And that wasn't the only thing upsetting the delegates Saturday. At one point, they booed their top incumbent Gov. Gary Herbert.
In the case of the election law, a federal judge ruled Friday the law is constitutional and Utah County Republican Chairman Craig Frank said party members will abide by the law, but they won't like it, and candidates who take the signature-gathering path to the ballot shouldn't count on the party for any help.
"We will support, with our resources, those people who become our nominees" through the convention, Frank said. "According to our bylaws, [signature-gathering candidates] will not be entitled to resources from the party, boots on the ground, additional lists and any additional Republican information that the party has in its possession."
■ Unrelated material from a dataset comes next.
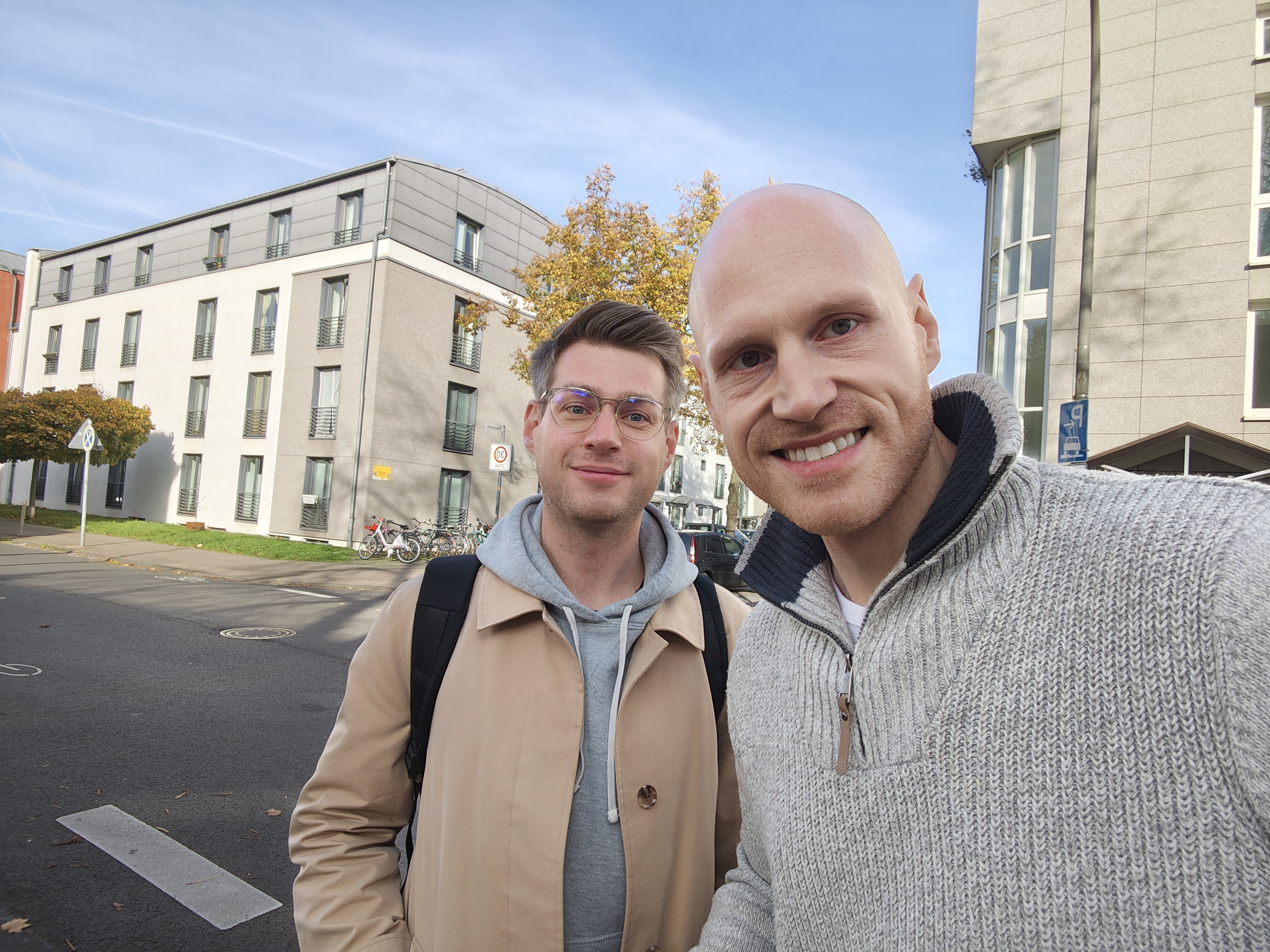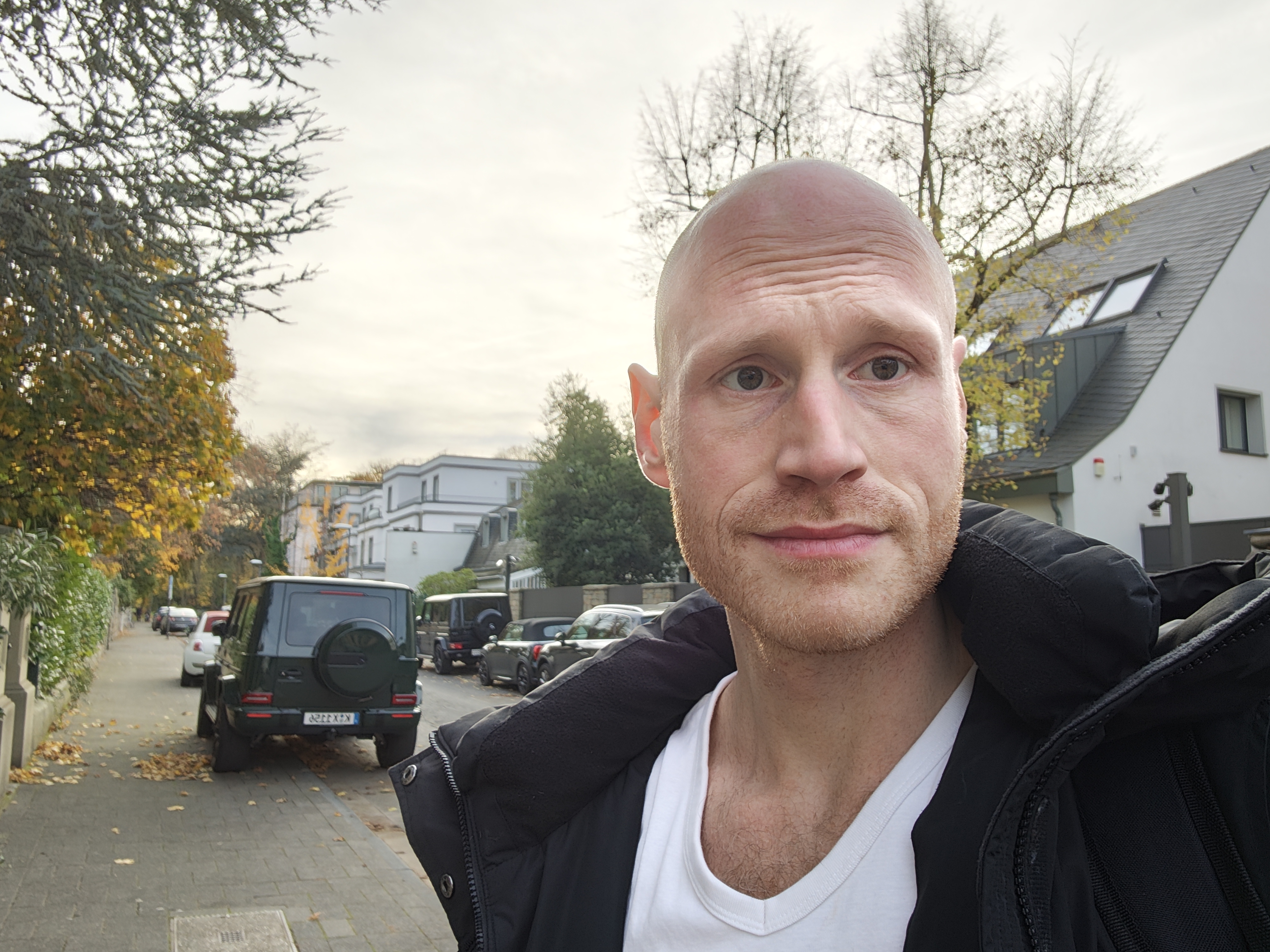 Bei den Selfies müsst ihr klar unterscheiden. Die 50-Megapixel-Frontkamera in der Notch liefert dank Autofokus sehr scharfe, gut belichtete Bilder mit vielen Details. Seine wahre Stärke spielt das Xiaomi 17 Pro Max aber in Kombination mit dem rückseitigen Display aus: Die Hauptkamera produziert exzellente Selbstporträts mit natürlichem Hintergrund-Blur. Das 17 Pro Max ist damit eine absolute Selfie-Maschine! Auch auf Partys bei Nacht lassen sich so tolle Gruppen-Selfies aufnehmen. Die Ultraweitwinkel-Kamera auf der Rückseite ist für Gruppen-Selfies zwar nicht besonders beeindruckend, aber tut ebenfalls ihren Zweck. Wir empfehlen klar, die Hauptkamera als primäre Selfie-Kamera zu verwenden. Die Ergebnisse suchen ihresgleichen.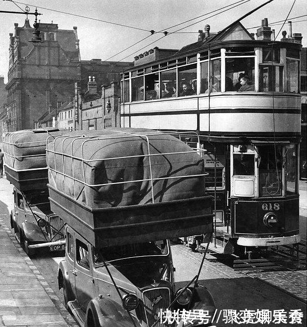 【图9】这是20世纪的英国伯明翰街头,中间道路上行驶的是双层有轨电车,这并不罕见。但是在左侧的两辆小汽车,可能许多人没见过。它们的车身上,都顶着两个大铁架子。上面放着一个大包,外面还有一个铁栅栏作为防护罩。难道这是它们运输的货物吗?告诉你吧,这其实是当时的出租车,而车顶上的大包里装的,则是一种未经压缩的燃气,它是一种把煤转化成焦炭的过程中产生的副产品。之所以使用这种气体,主要是为了应对汽油短缺,这一包气体可以使出租车续航15到20英里(24到32公里)。

Utah County, perhaps more than other counties, dug in its heels and fought the election law changes in SB54, which the Legislature passed in 2014. So far, the law has withstood a withering legal assault from the state Republican Party and it appears it will remain in effect after U.S. District Judge David Nuffer ruled against the party's last remaining challenge Friday evening and declared the law to be constitutional.
But some candidates who gathered signatures, including Herbert, were on the defensive as they spoke to the county delegates Saturday.
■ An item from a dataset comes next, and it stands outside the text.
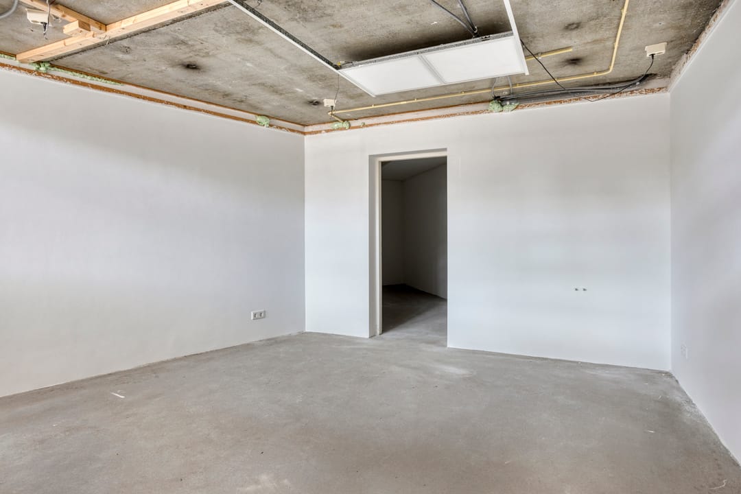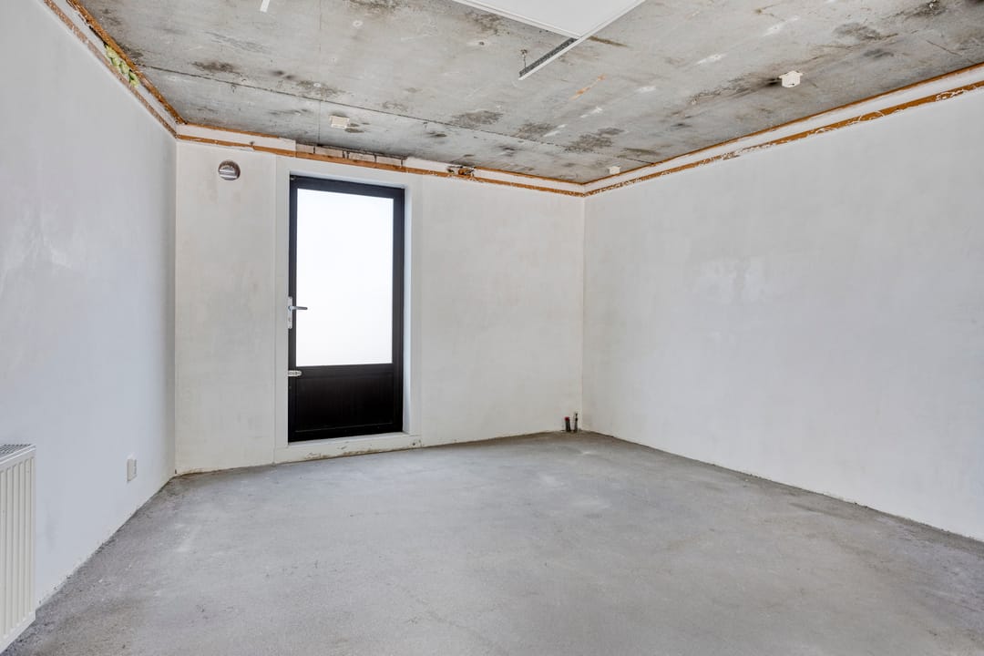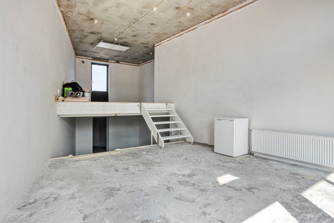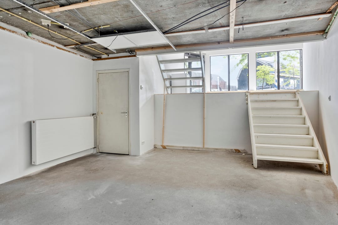 Middels een brede trappartij toegang tot het hoger gelegen niveau. Deze verdieping beschikt over een nog te realiseren toiletruimte en achterin een nooduitgang.

"Governor Herbert signed into law the disastrous SB54, the Count My Vote bill," said Nate Jensen, one of three Republicans challenging the governor this year, referring to the group of Utah politicos who pushed for a ballot initiative to get rid of the conventions and replace them with primary elections. The initiative was dropped in favor of the compromise bill passed by the Legislature.
"Count My Vote screwed up the Utah caucus system, it took power away from delegates and it was a bad thing," Jensen said to cheers and several shouts of "Amen!" from the audience.
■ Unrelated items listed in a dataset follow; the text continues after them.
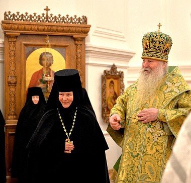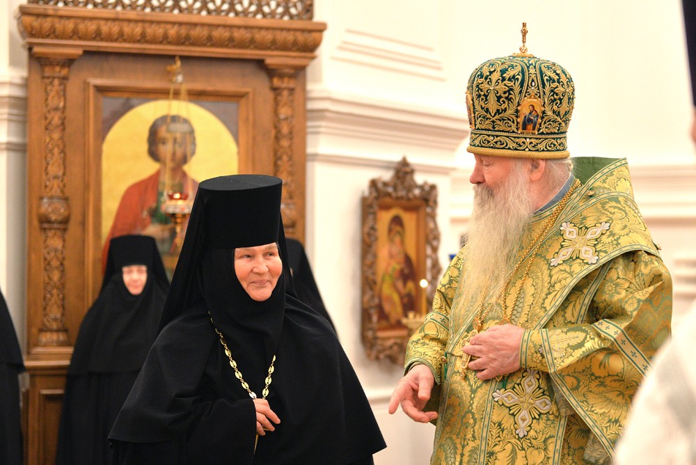 Отметив труды настоятельницы монастыря по возрождению обители, Его Высокопреосвященство вручил игумении Арсении (Семеновой) юбилейную медаль Русской Православной Церкви «В память 100-летия восстановления Патриаршества в Русской Православной Церкви».
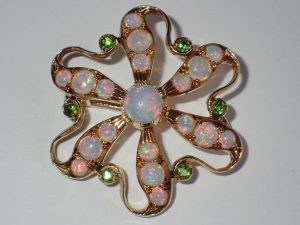 *54 A fine quality & condition 15ct gold opal & Russian demantoid garnet brooch C1900 Band C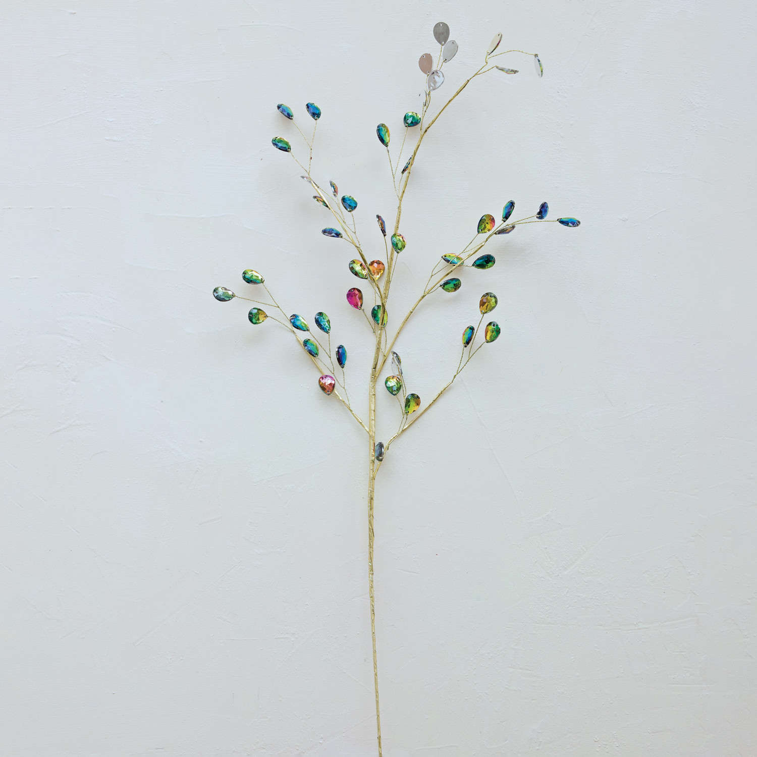 Faux Botanical Spray with Iridescent Acrylic Jewels, Gold Finish

Herbert was also shouted down and booed by delegates when he tried to fend off criticism from Jensen and fellow challenger Jonathan Johnson that Herbert let the state adopt federal Common Core educational standards.
Herbert tried to explain that the standards are set by the state Board of Education and his opponents are trying to turn the standards into a "boogeyman," but was drowned out by loud jeers from delegates.
Dan Hemmert admitted to delegates in Senate District 14 that he gathered signatures, but questioned why there was so much animosity toward candidates who took that route.
"As recently as this week, the party told me they were going to kick me out," Hemmert said. "So [Donald] Trump can be in the party, but a guy who served 18 years as a precinct official and delegate will get kicked out?"
Hemmert said afterward there is a small but extremely vocal group of maybe 20 percent of the delegates who are upset with any candidate who gathered signatures.
"I think it was a big deal in my race," he said.
Hemmert made it through convention and will face off in a June primary with former Rep. Morgan Philpot, who took a swipe at Hemmert and the other candidate in the race, former Rep. Holly Richardson, for gathering signatures. Richardson was eliminated.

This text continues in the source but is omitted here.